No es la fiesta grosera que el presidente Donald Trump está celebrando por el 250 aniversario de Estados Unidos, con un enorme artilugio de metal en el Jardín Sur para las peleas en jaula de UFC el próximo fin de semana, y una manifestación solipsista protagonizada por Trump, ahora que la mayoría de las “celebridades” se han retirado. (El presidente dice que está bien porque es más grande que Elvis).
Marilyn Monroe.
Para su 80 cumpleaños, ha canalizado millones destinados a una celebración bipartidista de este notable país hacia una celebración partidista de su despreciable personalidad.
¡El Estado soy yo!
No, estoy entusiasmado con la fiesta del centenario de Marilyn Monroe, que se ha desarrollado en todo el mundo, desde una prestigiosa exposición en un museo cinematográfico de París (Cent Ans de Fascination) hasta una muestra en la Galería Nacional de Retratos de Londres; a un concierto en Japón; a una exhibición de disfraces y artefactos personales en el Academy Museum of Motion Pictures de Los Ángeles; a un alegre concurso de parecidos con Marilyns heterosexuales, gays, jóvenes, viejas e incluso barbudas en Palm Springs, California, hogar de Forever Marilyn, la estatua de ocho metros de altura y 15.000 kilogramos del ícono de íconos de Estados Unidos con su vestido blanco, plisado y amplio de The Seven Year Itch.
La rubia inteligente y tonta que cantó el feliz cumpleaños más famoso de todos los tiempos al presidente Jack Kennedy (el único evento erótico público en la historia presidencial estadounidense) está recibiendo, en efecto, un cumpleaños muy feliz. Norma Jeane Mortenson, que sobrevivió a una madre con una enfermedad mental, un padre que la abandonó, 12 hogares de acogida y algunos padres de acogida sexualmente abusivos, una avalancha de depredación sexual en Hollywood, maridos muy famosos que estaban malhumorados y celosos de su fama, y los insensibles hermanos Kennedy, está recibiendo el amor que siempre anheló.

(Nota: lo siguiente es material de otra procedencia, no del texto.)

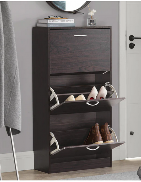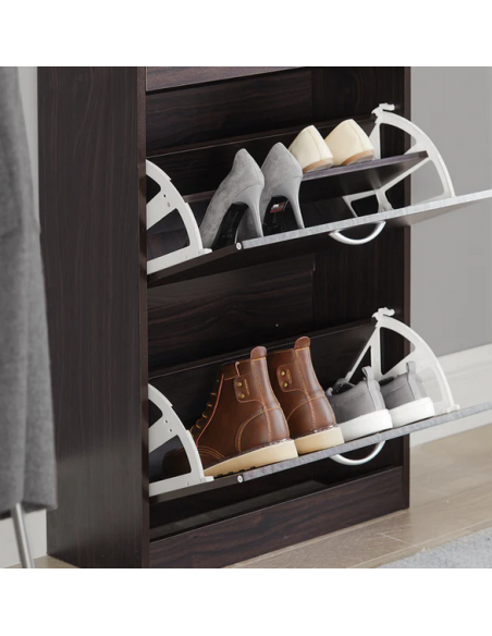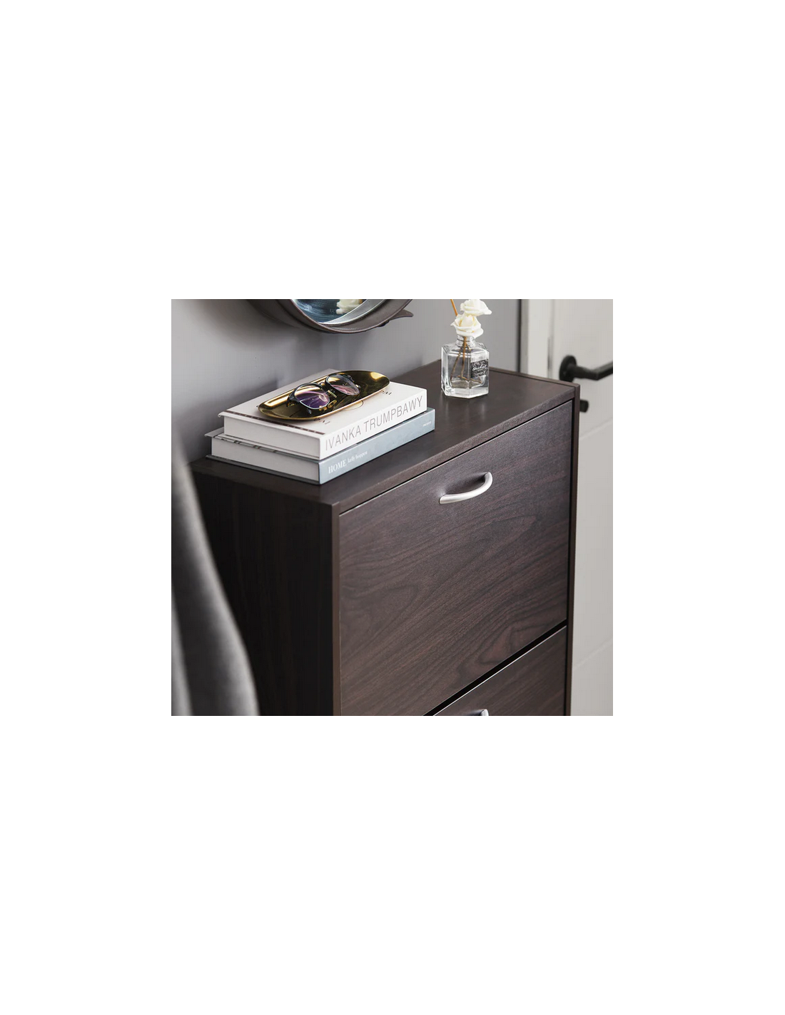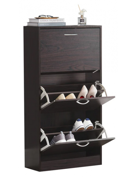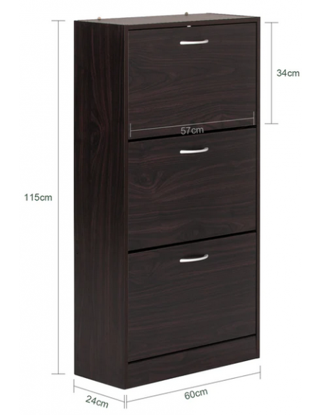 Skoskab udført i et design af brun møbelplade. Skoskabet måler 115 cm i højden og 60 x 24 cm i bredde og dybde.
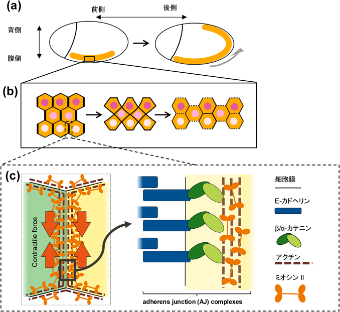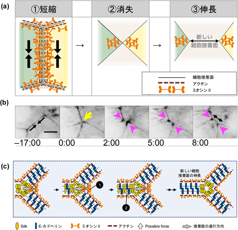生殖器回転における集団細胞移動では,細胞接着リモデリングが重要な役割を果たしていることは,これまでの説明でご理解いただけたのではないかと思う.しかしながら,バーテックスモデルによる数理シミュレーションから,細胞接着リモデリングだけではなく,そのプロセスがスムーズに進行し,連続的でなければ移動は停止してしまうことが予想された.細胞接着リモデリングの仕組みとしてわかっていたことは,①隣り合う細胞の細胞接着面にミオシンIIが集積すると,その細胞接着面は短縮し,②やがて消失して四つの細胞が1点で接する点を形成し,③さらに,この接合点から新たな細胞接着面が,元の接着面とは垂直方向に伸張する,と三段階に大別される(図6a).この③の,新規細胞接着を伸長させる過程がリモデリングの完遂と継続に必要であるが,そのメカニズムが十分に解明されていなかった.

En esta fotografía del 19 de mayo de 1962 proporcionada por la Biblioteca y Museo Presidencial John F. Kennedy, la actriz Marilyn Monroe luce el icónico vestido que usó mientras cantaba “Feliz cumpleaños” al presidente John F. Kennedy en el Madison Square Garden, durante una recepción en la ciudad de Nueva York. Junto a Monroe está Steve Smith, el cuñado del presidente Kennedy. AP
Comenzando como la Reina de las Alcachofas de Castroville, California en 1948, Norma Jeane creó a Marilyn, poniendo mucho brillo sobre heridas profundas. “Marilyn es como un velo que uso sobre Norma Jeane”, dijo una vez la actriz. Algunos de sus padres adoptivos la enviaron al cine para sacarla de la casa, y la pequeña se sentaba frente a la pantalla grande y soñaba con una vida en la que fuera deseada.
Al igual que su personaje en Some Like It Hot, Sugar “Kane” Kowalczyk, Marilyn a menudo recibía el extremo borroso de la paleta.
Le encantaba la cámara y le tenía miedo (de ahí los ataques de tardanza). Amaba al público y le tenía miedo. Mike Nichols, que asistió a las clases de actuación de Lee Strasberg en Nueva York con Marilyn, una vez me explicó su sorprendente capacidad de permanencia diciendo: “Ella tenía la mayor necesidad”. Y si bien había bellezas mayores, señaló, Marilyn era “sobrehumanamente sexual”.
Su amigo Saul Bellow observó: “Estaba conectada a una corriente muy poderosa, pero no podía desconectarse de ella”, y agregó: “Tenía una especie de curiosa incandescencia debajo de la piel”.
Su extraña combinación de luminosidad y vulnerabilidad la hizo inmortal.
A diferencia de los símbolos sexuales de hoy, Marilyn pensaba que estaba bien ser inteligente. Coleccionó más de 400 libros clásicos, desde Thomas Mann hasta las obras de Sigmund Freud, y se hizo amiga de intelectuales, e incluso se casó con uno.
Arthur Miller describió a la voluptuosa pero frágil mujer con la que se casó como “un poeta en una esquina tratando de recitar ante una multitud que le tiraba de la ropa”.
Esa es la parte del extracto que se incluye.